Herein, we report our first designs of helicene analogues of the combretastatins: the helistatins (Figure 1B). Our design (HA-1), partly informed by our synthetic strategy (vide infra), is based on an analogue of CA4, originally developed by Cushman and co-workers, whereby the nonessential meta-hydroxyl group in CA4 was removed.⁷¹ We coupled our active design with a suitable negative control (HA-2), with a substituent on the inner groove to reduce activity.⁷² Siles and co-workers showed that the presence of two electron-withdrawing groups (i.e., NO₂) ortho to the methoxy diminished tubulin inhibition (IC₅₀) from 1.2 μM (CA4) to 7.4 μM. This effect was exacerbated when the NO₂ groups were converted to electron-donating anilines (IC₅₀ > 40 μM).⁷³ Based on this rationale, we added a closely matching electron-donating phenol to this position. We find that HA-1 blocks microtubule polymerization in both cell-free and live cell assays and, as such, represents the first example of a specific protein-targeting helicene.

Results and Discussion

To gauge the general suitability of [5]-helistatins for interaction with the colchicine-binding site of tubulin, we conducted computational docking experiments.⁷⁴⁻⁷⁶ The tubulin-colchicine stathmin-like domain complex (PDB code: 1SAO) was chosen as the model target (Figure 2). There is a good three-dimensional (3D) overlap between the energy-minimized structure of (P)-HA-1 and both a colchicine analogue (DAMA-colchicine, Figure 2A)⁷⁷ and CA4 (Figure 2B). Overall, the docking studies show excellent complementarity for the colchicine-binding site; both polar and nonpolar interactions were retained. For completeness, we also modeled HA-1 against colchicine in the tubulin-colchicine complex (PDB code: 4O2B),⁷⁸ and we found the same level of complementarity (Figure S1). The full three-dimensional fit of these molecules can be visualized in Movies S1–S4.

Figure 2.

Molecular docking of (P)-HA-1 against (A) DAMA-colchicine⁷⁷ and (B) CA4 in the tubulin-colchicine stathmin-like domain complex (PDB code: 1SAO). There is excellent overlap in both polar and nonpolar interactions, and the helical pitch provides the correct conformation for binding. See Movies S1–S4 to visualize the full three-dimensional fit.

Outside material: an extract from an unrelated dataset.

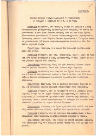 Запись беседы И.В. Сталина с Ф. Рузвельтом. 4 февраля 1945 г. // АВП РФ, ф. 06, оп. 7а, п. 58, д. 7, л. 15-19.

Despite the promise of this design, the [5]-helistatins proved to be extremely challenging to prepare with respect to many of the conventional methods used for helicene synthesis. The highly functionalized, electron-rich, and asymmetric nature of the terminal rings often prevented the formation of the desired product at, or close to, the final step of numerous attempted routes. For completeness, these unsuccessful synthesis strategies are outlined in the Supporting Information. Briefly, initial efforts were focused on formation of the helicene via oxidative photocyclization; however, the final photoisomerization step afforded a furan (Scheme S1) instead of the desired helicene.⁷⁹ Various protecting group strategies were employed, although these only resulted in decomposition. Oxidative cyclization was then examined (Scheme S2), although this also led to the formation of decomposition products.⁸⁰⁻⁸² We then employed radical methodology⁸³ and successfully synthesized the target phenanthrene/stilbene intermediate (Scheme S3); however, attempts at performing the final ring closure resulted in either dehalogenation or decomposition. Finally, we turned our attention to cycloisomerization methodology, first via a [2 + 2 + 2] cycloisomerization (Scheme S4),⁸⁴ and finally, a π-Lewis acid cycloisomerization mediated by PtCl₂, which is the methodology described herein.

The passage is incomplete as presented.